What needs to be done - Reproduce from the records below, with no pictures, exactly the lines between the one containing "Pink Dress with" and the one containing "A prompt is", inclusive.

Entries provided START

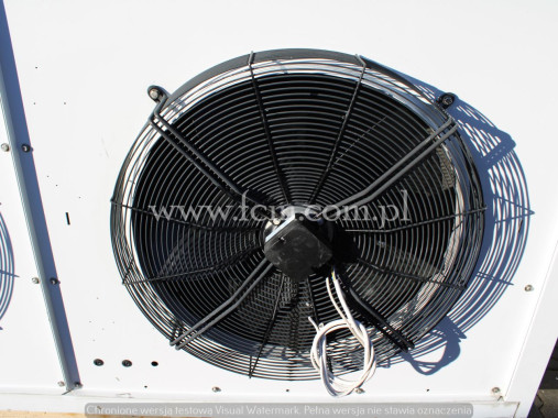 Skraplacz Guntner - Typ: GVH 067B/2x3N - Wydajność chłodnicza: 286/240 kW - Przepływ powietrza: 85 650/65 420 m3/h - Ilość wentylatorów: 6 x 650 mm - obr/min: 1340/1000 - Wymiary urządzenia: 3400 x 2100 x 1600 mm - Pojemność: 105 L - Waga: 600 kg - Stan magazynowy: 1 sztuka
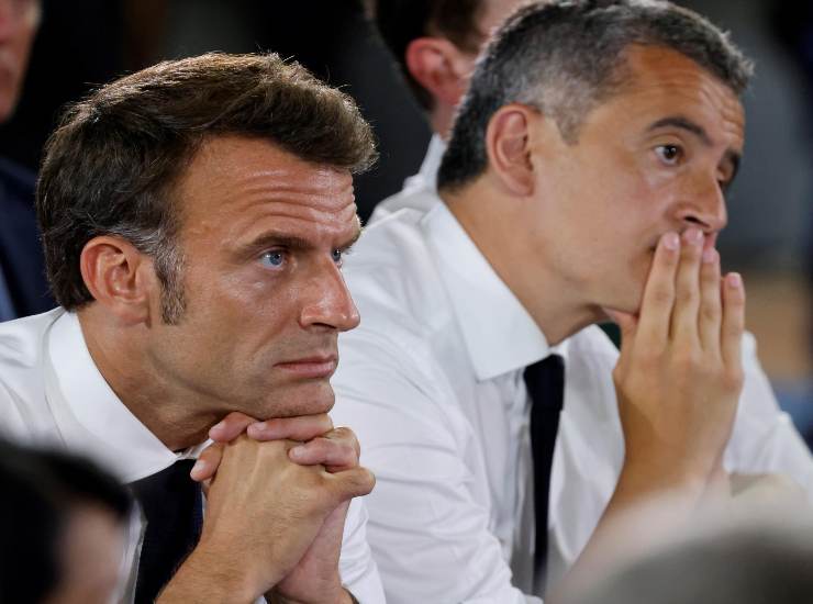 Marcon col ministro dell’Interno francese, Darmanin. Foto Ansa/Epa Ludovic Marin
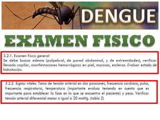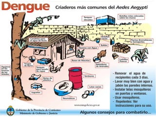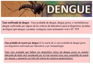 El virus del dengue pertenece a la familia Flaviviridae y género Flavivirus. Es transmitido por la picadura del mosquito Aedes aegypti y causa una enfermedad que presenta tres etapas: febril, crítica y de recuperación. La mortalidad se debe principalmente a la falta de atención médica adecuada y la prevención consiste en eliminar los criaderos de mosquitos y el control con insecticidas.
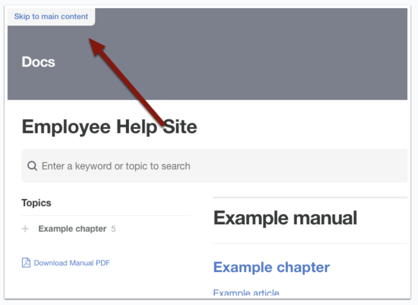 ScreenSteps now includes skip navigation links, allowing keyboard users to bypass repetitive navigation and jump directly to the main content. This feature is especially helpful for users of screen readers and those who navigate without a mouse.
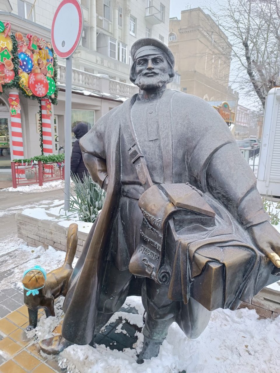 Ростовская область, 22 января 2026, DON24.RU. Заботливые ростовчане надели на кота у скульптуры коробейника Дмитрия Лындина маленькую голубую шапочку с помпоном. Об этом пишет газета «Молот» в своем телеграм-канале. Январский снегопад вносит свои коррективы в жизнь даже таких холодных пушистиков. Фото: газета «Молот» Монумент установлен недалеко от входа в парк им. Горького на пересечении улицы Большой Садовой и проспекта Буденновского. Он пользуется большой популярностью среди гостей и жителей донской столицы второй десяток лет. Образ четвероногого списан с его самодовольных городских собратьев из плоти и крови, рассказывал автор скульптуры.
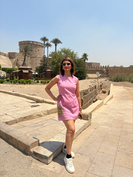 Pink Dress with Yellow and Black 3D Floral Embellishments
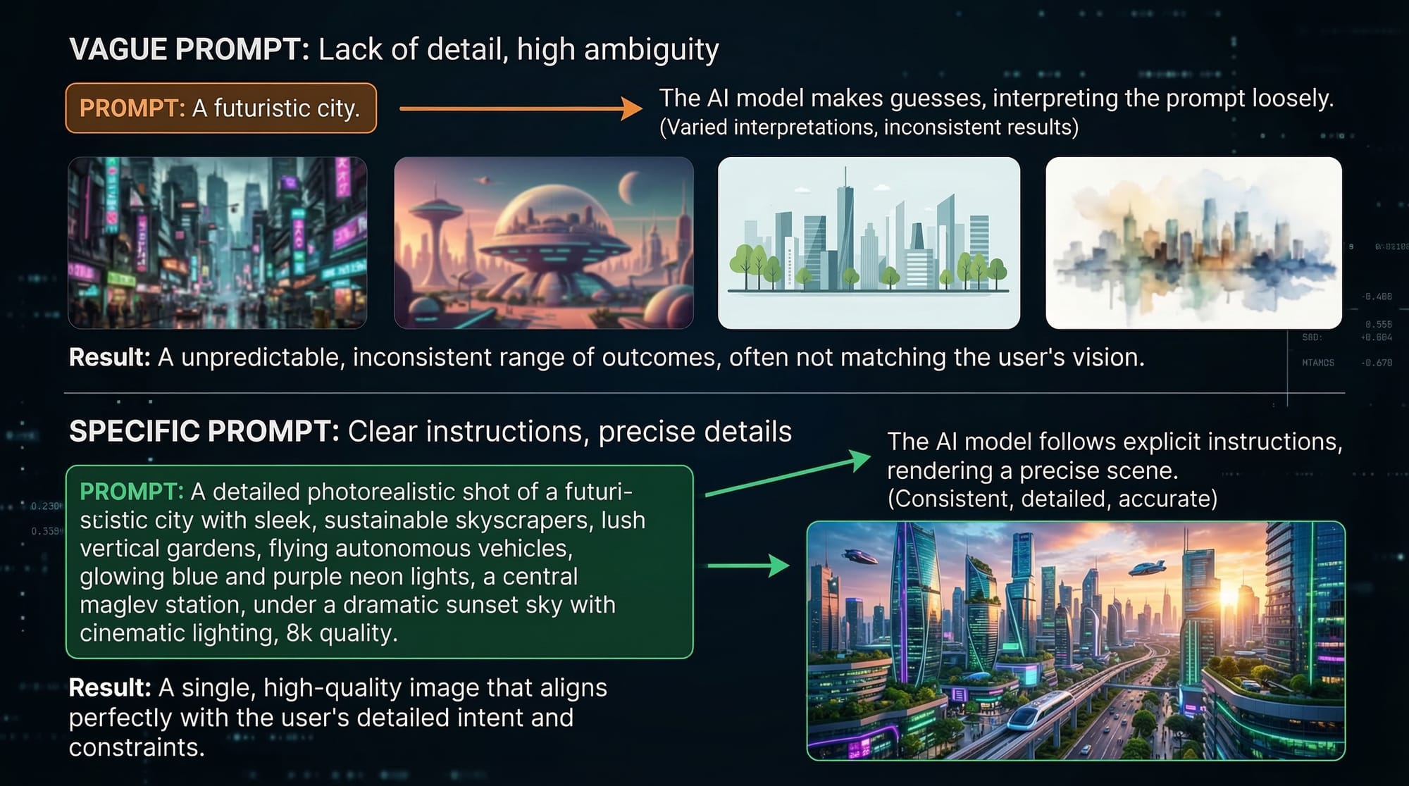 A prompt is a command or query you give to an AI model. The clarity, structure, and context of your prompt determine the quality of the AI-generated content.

Entries provided END
Entries provided START

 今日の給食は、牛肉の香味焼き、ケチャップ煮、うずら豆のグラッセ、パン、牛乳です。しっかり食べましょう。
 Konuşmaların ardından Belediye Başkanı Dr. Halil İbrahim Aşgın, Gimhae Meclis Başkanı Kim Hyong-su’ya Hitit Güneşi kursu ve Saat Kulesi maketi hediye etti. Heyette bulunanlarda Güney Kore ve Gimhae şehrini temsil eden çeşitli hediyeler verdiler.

Entries provided END

Response area -
 Pink Dress with Yellow and Black 3D Floral Embellishments
 A prompt is a command or query you give to an AI model. The clarity, structure, and context of your prompt determine the quality of the AI-generated content.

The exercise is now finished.